Se…

Quantas e quantas vezes esta palavrinha de apenas duas letrinhas enveredou-se pelo meu caminho.

Ah! Se eu pudesse. Se eu porventura não dissesse. Não amasse. Não gostasse. Não tivesse nascido naquela mesma rua. Não tivesse me casado com aquela mesma mulher. E não tivesse escolhido esta profissão que abracei a tantos anos passados.

São tantos ses que até perdi a conta.

Por sorte minha estes mesmos ses não mudaram o meu destino.

Agora o tempo está cinzento. Nuvens ameaçadores encobrem o sorriso do sol. Tomara chova um cadinho. Durante a noite ou mesmo ao cair da tarde. Chovendo durante o dia incomoda aqueles que trabalham à luz do dia. Principalmente os trabalhadores braçais. Aqueles que recolhem o lixo da cidade. Ou até mesmo quem mora na roça. Dizem que vacas não se dão com barro grudento.

Daqui do alto, de onde escrevo, percebo a cidade acordando de seu sono madrugal. Poucas pessoas se veem pelas ruas. Ainda é cedo. Nesta segunda- feira de janeiro. Quase carnaval.

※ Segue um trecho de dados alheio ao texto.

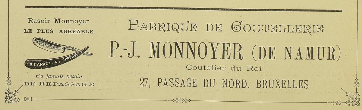 вот реклама, 1893 год: В общем можно и покопать. А где бритва? В справочнике Camille Pagé найден ещё один интересный отрывок о Намюре: «Производство столовых приборов в Намюре значительно сократилось; к середине XIX века там всё ещё оставалось несколько производителей, среди которых был Жозеф-Пьер Моннойе, чьи работы выставлялись в Лондоне в 1851 и 1862 годах, а также в Париже в 1855 году». (Перевод)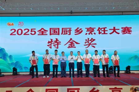 中经总网·中经在线湖南衡东讯(张星兴 通讯员 王峥 唐翔 侯毅强)福鼎传捷报,七月写华章!近日,在刚刚结束的2025全国厨乡烹饪大赛上,湖南省衡东县三位名厨载誉而归——稂姚姚勇夺特金奖,胡国旺、罗坤双双摘金,以“一特双金”的亮眼战绩,让“中国土菜名县”和“中国厨师之乡”的金字招牌再绽光芒。

Se pudesse predizer o que seria de mim, nesta semana que tem começo, o que iria acontecer no decorrer do dia, talvez nem gostasse que isso acontecesse. Melhor seria ficar do jeito que está. Pois o futuro não me diz respeito. Melhor viver o presente. Que me foi dado de presente ao nascer.

Ah se eu pudesse ficar o dia inteiro apenas escrevendo, ditando o que minha imaginação dita, seria em verdade uma maravilha. Pena que a partir das oito o trabalho me espera. Ainda não estou aposentado. Da arte de escrever espero jamais.

Se eu pudesse empacar os ponteiros dos relógios, fazer com que eles estacionassem no tempo, tendo domínio sobre meus atos, talvez seria melhor ficar como está. Já que não posso decidir o que será melhor pra mim, deixo o tempo passar.

Se eu pudesse, e meu desejo se concretizasse, voltaria a ser criança. Da idade exata dos meus netinhos. Doce infância.

E seu pudesse ter meus pais novamente junto a mim, talvez tenha sido mais cuidadoso no trato com eles. Principalmente quando meu pai adoeceu. Como médico pouco pude fazer para atenuar-lhe o sofrimento.

E seu pudesse decidir sobre meu destino, mudar o curso dos anos, não cometeria tantos desenganos. Seria mais prudente, menos ansioso, mais paciencioso, mais condescendente.

E se eu pudesse prever o meu futuro, não mudaria nada. Pois o meu presente é tão rico em felicidade. Tenho a família que gostaria de ter. Tanto a que me gerou quanto aquela que ajudei a construir.

Se, tantos ses, nesta manhã cinzenta, pudesse ajudar o sol sorrir, confesso que o faria alegremente.

Pena que não posso mudar o curso do tempo. Anos se passaram. E nada pude fazer para aquietar minhalma.

E se, por acaso, pudesse mudar um cadinho de mim, não saberia dizer para onde iria. Talvez pelo mesmo caminho. Sem volta. Sem arrependimentos. Sem lamentos.

E se por acaso alguém pudesse ajudar a reconstruir o que sou, talvez não iria concordar com a mudança. Pois sou feliz como sou. Refém dos meus senões.

Da minha sensibilidade tamanha. Que só aumenta com a idade.

Se eu pudesse em nada mudaria a marcha do tempo. Pena que ele caminha tão rápido. E nem consigo vislumbrar o que vem depois.